Holt-Winters Seasonal Method

hw1 <- hw(cpits, seasonal="additive", h=39)
hw2 <- hw(cpits, seasonal="multiplicative", h=39)

plothw1 <- autoplot(hw1) + autolayer(hw1$fitted)
plothw1

hw1acc <- data.frame(round(accuracy(hw1),2))

kable(hw1acc, caption = "Holt-Winters (additive)") %>% 
  kable_classic(full_width = F)
Holt-Winters (additive)
ME RMSE MAE MPE MAPE MASE ACF1
Training set 0.01 0.67 0.5 0.01 0.23 0.11 0.44
plothw2 <- autoplot(hw2) + autolayer(hw2$fitted)
plothw2

hw2acc <- data.frame(round(accuracy(hw2),2))


kable(hw2acc, caption = "Holt-Winters (multiplicative)") %>% 
  kable_classic(full_width = F)
Holt-Winters (multiplicative)
ME RMSE MAE MPE MAPE MASE ACF1
Training set -0.01 0.96 0.69 -0.01 0.32 0.15 0.61

ETS

ets1 <- ets(cpits, model = "ZZZ")

summary(ets1)
## ETS(M,A,A) 
## 
## Call:
##  ets(y = cpits, model = "ZZZ") 
## 
##   Smoothing parameters:
##     alpha = 0.9998 
##     beta  = 0.077 
##     gamma = 2e-04 
## 
##   Initial states:
##     l = 169.7995 
##     b = 0.1814 
##     s = -1.4918 -0.5744 0.1962 0.5359 0.5175 0.6143
##            0.7896 0.6547 0.5216 0.1901 -0.7359 -1.2178
## 
##   sigma:  0.0031
## 
##      AIC     AICc      BIC 
## 1192.332 1194.982 1252.129 
## 
## Training set error measures:
##                      ME      RMSE       MAE         MPE      MAPE      MASE
## Training set 0.00823446 0.6548741 0.4654178 0.005077334 0.2160803 0.1030192
##                   ACF1
## Training set 0.4126148
autoplot(ets1)

ets1 %>% forecast(h=39) %>%
  autoplot() + autolayer(ts(ets1$fitted, start=c(2000,1),end=c(2020,9),frequency=12), series="Fitted Values")

kable(round(accuracy(ets1),2), caption = "ETS") %>% 
  kable_classic(full_width = F)
ETS
ME RMSE MAE MPE MAPE MASE ACF1
Training set 0.01 0.65 0.47 0.01 0.22 0.1 0.41

Selection Summary

c1 <- c("SES", "H-W (Additive)", "H-W (Multiplicative)", "ETS Selection (M,A,A)")
c2 <- c(ses$model$aic, hw1$model$aic, hw2$model$aic, ets1$aic)
c3 <- c(ses$model$aicc, hw1$model$aicc, hw2$model$aicc, ets1$aicc)
c4 <- c(ses$model$bic, hw1$model$bic, hw2$model$bic, ets1$bic)

table1 <- data.frame(c1,c2,c3,c4)
colnames(table1) <- c("Model", "AIC", "AICc", "BIC" )
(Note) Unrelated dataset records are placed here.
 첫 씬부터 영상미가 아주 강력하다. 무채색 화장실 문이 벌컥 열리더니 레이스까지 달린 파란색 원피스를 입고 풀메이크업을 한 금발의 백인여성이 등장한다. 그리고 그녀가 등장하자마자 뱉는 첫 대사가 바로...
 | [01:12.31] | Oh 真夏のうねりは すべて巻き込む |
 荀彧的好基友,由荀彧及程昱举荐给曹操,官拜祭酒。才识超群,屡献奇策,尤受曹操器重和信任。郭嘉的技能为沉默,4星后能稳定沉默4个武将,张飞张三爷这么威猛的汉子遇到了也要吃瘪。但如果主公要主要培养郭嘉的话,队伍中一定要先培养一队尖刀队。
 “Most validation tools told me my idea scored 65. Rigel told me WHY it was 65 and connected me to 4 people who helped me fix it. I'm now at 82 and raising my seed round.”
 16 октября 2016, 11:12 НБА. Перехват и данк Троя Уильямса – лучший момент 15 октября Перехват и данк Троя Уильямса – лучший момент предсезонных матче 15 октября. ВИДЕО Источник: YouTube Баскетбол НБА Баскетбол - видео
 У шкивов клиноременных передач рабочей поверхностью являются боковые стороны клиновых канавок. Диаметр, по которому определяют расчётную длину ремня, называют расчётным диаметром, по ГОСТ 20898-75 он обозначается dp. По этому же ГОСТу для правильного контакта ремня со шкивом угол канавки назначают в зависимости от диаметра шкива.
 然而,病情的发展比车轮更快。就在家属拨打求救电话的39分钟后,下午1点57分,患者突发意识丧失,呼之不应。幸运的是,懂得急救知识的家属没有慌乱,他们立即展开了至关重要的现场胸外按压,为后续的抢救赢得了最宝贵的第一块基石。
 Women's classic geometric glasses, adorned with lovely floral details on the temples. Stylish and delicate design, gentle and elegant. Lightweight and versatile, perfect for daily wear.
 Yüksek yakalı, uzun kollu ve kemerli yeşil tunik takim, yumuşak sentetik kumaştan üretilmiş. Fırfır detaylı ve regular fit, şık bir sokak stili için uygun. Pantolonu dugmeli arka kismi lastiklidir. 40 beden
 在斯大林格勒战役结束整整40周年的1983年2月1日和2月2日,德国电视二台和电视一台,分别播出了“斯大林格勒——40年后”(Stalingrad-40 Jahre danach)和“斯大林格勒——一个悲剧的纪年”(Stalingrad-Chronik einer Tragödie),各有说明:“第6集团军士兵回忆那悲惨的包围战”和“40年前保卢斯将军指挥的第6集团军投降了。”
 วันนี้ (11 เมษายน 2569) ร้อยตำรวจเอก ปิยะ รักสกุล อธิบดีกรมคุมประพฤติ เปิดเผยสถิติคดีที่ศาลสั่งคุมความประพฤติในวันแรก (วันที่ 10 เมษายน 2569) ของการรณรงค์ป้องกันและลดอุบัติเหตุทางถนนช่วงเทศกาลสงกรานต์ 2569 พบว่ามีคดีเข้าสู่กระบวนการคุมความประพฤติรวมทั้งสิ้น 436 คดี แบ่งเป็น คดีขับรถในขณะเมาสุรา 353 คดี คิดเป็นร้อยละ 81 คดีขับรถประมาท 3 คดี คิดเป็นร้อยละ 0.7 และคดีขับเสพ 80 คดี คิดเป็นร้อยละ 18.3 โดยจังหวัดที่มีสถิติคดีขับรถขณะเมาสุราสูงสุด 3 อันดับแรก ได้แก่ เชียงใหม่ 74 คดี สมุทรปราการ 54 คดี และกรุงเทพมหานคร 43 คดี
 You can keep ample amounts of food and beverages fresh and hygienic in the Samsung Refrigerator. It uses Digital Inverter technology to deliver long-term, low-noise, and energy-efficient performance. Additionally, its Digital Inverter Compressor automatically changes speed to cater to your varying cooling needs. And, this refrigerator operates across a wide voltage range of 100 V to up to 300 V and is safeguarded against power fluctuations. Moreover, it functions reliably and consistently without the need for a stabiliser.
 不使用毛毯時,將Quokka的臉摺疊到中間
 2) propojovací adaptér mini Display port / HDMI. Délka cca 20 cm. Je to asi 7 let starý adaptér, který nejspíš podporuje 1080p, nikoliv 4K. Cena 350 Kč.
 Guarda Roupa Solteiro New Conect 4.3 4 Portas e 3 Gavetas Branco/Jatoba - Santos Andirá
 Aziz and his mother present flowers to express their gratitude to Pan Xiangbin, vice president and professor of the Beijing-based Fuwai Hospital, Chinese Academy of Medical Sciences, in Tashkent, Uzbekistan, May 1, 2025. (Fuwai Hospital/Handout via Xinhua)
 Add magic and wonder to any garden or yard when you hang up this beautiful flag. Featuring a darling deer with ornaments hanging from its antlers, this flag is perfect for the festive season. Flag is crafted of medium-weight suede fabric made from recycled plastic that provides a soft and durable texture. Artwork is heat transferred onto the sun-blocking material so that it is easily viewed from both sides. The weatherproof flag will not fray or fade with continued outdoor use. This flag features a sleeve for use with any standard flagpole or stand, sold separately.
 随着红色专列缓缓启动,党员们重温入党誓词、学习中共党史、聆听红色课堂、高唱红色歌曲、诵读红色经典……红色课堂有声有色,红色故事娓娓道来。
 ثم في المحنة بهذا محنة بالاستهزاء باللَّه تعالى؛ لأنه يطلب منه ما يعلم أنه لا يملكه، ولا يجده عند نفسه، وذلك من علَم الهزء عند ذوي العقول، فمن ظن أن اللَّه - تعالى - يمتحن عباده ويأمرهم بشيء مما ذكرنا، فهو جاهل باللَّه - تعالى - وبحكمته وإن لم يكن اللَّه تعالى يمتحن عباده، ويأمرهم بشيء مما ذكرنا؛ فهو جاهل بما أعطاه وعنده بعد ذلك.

kable(table1, caption = "Summary Table") %>% kable_classic()
Summary Table
Model AIC AICc BIC
SES 1315.865 1315.963 1326.418
H-W (Additive) 1208.652 1211.301 1268.449
H-W (Multiplicative) 1383.870 1386.519 1443.666
ETS Selection (M,A,A) 1192.332 1194.982 1252.129

The ETS Selection model has the lowest values of AIC, AICc and BIC, which suggest the better fit.